Go to the line with "Earth rockfill dam" in the records below, then output it and each following line exactly, up to and including the line with "werden. Auf der". Skip pictures and add nothing.

Material shown —
********************
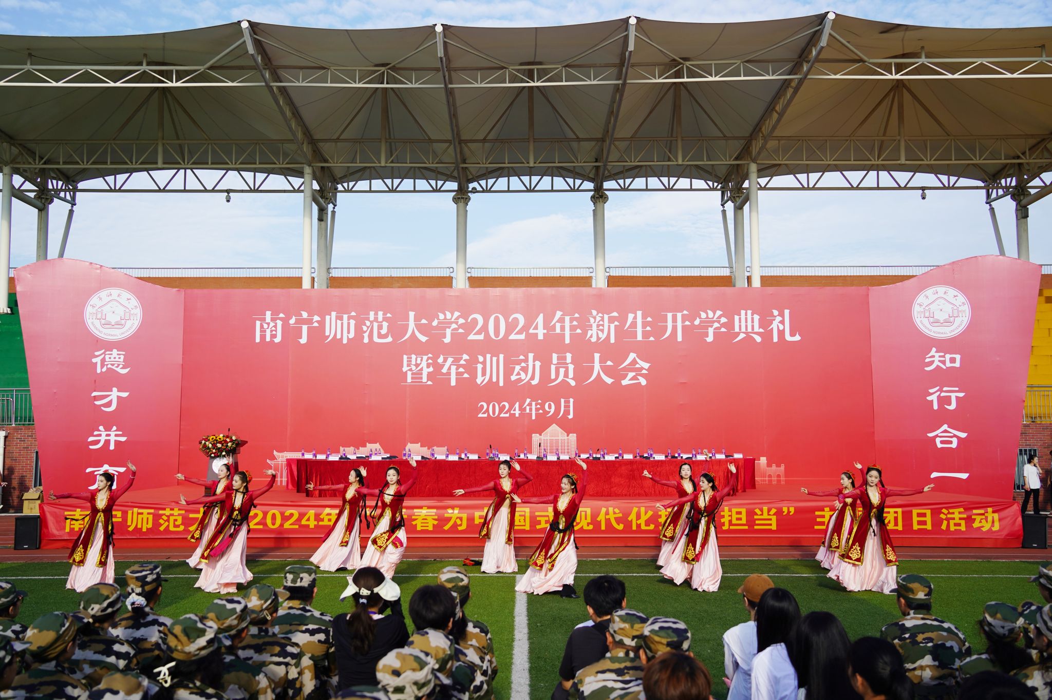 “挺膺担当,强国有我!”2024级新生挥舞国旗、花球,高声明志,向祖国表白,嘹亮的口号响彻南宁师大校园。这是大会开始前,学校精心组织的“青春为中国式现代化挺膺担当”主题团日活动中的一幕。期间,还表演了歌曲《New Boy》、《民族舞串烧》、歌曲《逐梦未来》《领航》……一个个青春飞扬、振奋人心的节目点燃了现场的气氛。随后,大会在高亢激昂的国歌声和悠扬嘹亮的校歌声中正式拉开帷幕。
********************
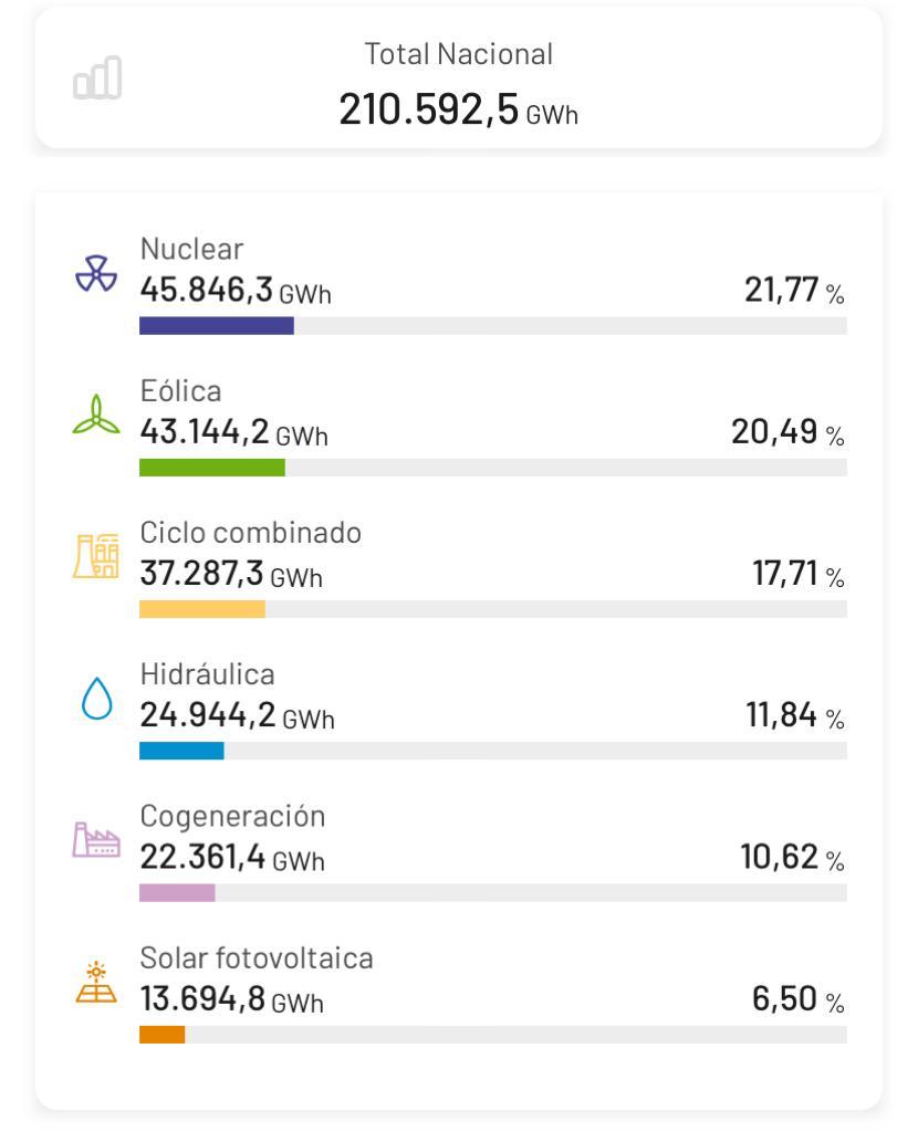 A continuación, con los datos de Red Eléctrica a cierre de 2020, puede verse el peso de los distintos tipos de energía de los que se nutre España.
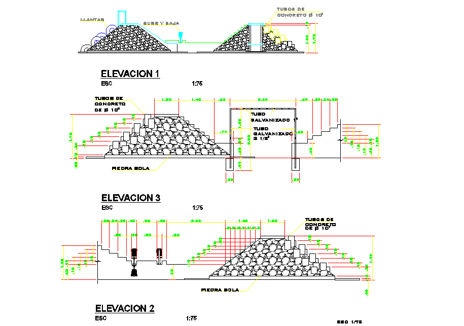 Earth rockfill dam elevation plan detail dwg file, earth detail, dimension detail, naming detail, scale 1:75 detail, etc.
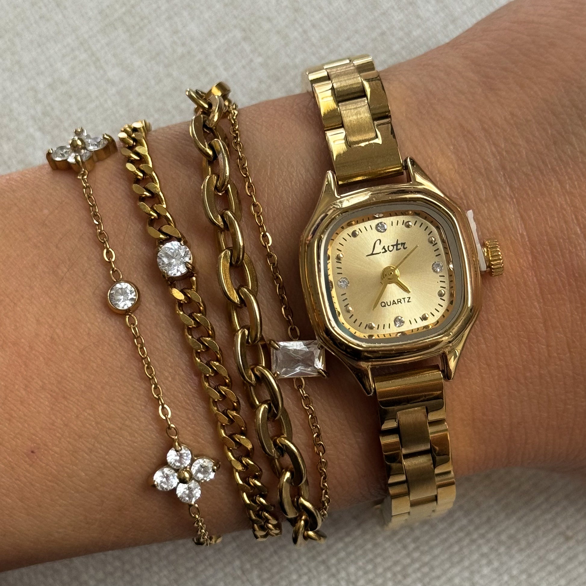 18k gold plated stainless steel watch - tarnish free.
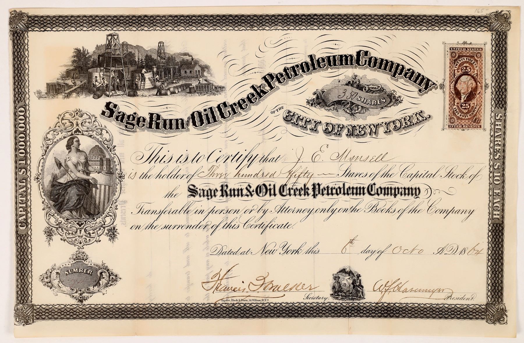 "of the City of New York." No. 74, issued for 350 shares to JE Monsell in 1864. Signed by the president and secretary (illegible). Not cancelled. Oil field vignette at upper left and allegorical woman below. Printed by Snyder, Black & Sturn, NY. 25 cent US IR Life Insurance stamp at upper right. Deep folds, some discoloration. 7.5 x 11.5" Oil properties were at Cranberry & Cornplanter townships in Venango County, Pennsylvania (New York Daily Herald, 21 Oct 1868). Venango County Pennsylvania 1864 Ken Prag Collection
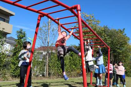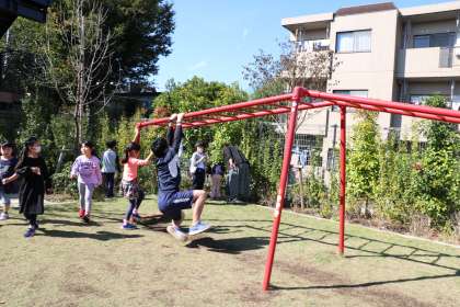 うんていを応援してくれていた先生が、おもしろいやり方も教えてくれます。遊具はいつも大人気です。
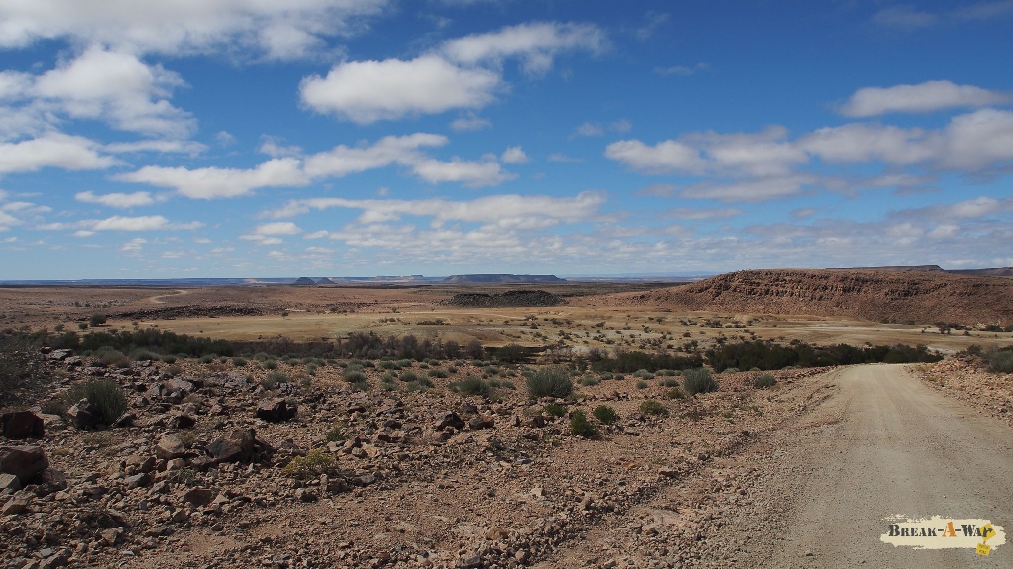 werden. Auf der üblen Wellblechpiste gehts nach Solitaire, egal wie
********************
Task solution —
 Earth rockfill dam elevation plan detail dwg file, earth detail, dimension detail, naming detail, scale 1:75 detail, etc.
 18k gold plated stainless steel watch - tarnish free.
 "of the City of New York." No. 74, issued for 350 shares to JE Monsell in 1864. Signed by the president and secretary (illegible). Not cancelled. Oil field vignette at upper left and allegorical woman below. Printed by Snyder, Black & Sturn, NY. 25 cent US IR Life Insurance stamp at upper right. Deep folds, some discoloration. 7.5 x 11.5" Oil properties were at Cranberry & Cornplanter townships in Venango County, Pennsylvania (New York Daily Herald, 21 Oct 1868). Venango County Pennsylvania 1864 Ken Prag Collection
 うんていを応援してくれていた先生が、おもしろいやり方も教えてくれます。遊具はいつも大人気です。
 werden. Auf der üblen Wellblechpiste gehts nach Solitaire, egal wie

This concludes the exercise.